Content starts
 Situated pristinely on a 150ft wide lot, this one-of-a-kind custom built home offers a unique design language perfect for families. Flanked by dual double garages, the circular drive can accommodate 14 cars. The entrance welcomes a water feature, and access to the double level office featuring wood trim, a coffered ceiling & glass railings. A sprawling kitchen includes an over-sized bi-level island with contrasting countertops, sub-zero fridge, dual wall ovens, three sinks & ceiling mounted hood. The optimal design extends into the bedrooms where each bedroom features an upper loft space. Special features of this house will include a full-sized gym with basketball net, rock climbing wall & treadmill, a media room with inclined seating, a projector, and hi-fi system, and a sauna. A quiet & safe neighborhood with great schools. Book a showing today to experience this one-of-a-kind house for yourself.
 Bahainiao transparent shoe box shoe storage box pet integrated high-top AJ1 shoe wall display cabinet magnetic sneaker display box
Content ends
Content starts
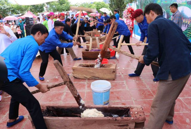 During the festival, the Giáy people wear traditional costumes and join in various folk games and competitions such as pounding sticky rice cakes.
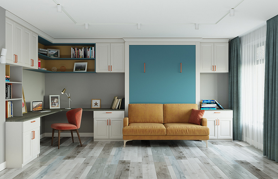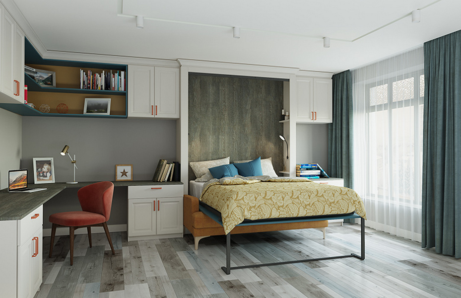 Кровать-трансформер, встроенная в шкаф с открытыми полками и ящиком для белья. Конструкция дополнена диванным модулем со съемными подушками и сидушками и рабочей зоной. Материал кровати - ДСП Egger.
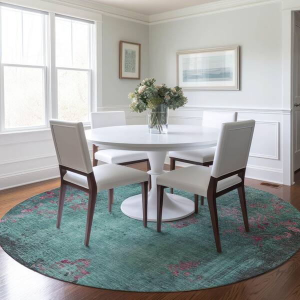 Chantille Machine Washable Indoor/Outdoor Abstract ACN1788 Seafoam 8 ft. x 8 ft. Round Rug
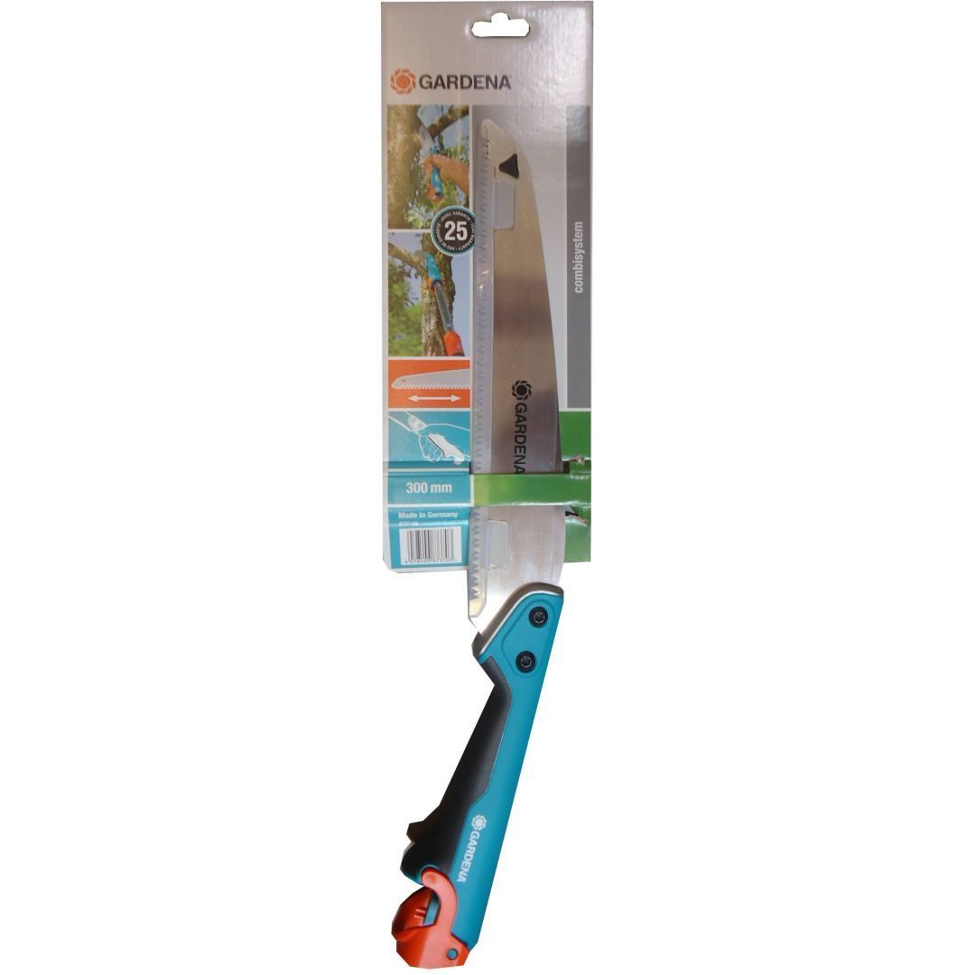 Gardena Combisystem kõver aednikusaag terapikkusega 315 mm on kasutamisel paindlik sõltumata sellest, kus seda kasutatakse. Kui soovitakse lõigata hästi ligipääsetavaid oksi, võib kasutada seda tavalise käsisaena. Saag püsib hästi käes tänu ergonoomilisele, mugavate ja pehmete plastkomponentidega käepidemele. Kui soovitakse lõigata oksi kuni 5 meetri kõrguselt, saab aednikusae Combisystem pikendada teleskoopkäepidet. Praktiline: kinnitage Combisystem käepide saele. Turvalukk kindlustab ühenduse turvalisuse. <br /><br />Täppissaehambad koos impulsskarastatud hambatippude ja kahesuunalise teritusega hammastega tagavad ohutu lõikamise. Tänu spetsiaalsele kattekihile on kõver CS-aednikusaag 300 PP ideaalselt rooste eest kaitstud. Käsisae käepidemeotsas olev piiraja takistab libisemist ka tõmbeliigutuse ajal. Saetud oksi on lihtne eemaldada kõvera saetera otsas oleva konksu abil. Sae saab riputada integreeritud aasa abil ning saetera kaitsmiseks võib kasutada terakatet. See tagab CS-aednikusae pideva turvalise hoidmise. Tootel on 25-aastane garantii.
Content ends
What you will do: After locating the line holding "Situated pristinely on" above, output exactly that line and every line after it through the line holding "Bahainiao transparent shoe". Include nothing else.

Task result:
 Situated pristinely on a 150ft wide lot, this one-of-a-kind custom built home offers a unique design language perfect for families. Flanked by dual double garages, the circular drive can accommodate 14 cars. The entrance welcomes a water feature, and access to the double level office featuring wood trim, a coffered ceiling & glass railings. A sprawling kitchen includes an over-sized bi-level island with contrasting countertops, sub-zero fridge, dual wall ovens, three sinks & ceiling mounted hood. The optimal design extends into the bedrooms where each bedroom features an upper loft space. Special features of this house will include a full-sized gym with basketball net, rock climbing wall & treadmill, a media room with inclined seating, a projector, and hi-fi system, and a sauna. A quiet & safe neighborhood with great schools. Book a showing today to experience this one-of-a-kind house for yourself.
 Bahainiao transparent shoe box shoe storage box pet integrated high-top AJ1 shoe wall display cabinet magnetic sneaker display box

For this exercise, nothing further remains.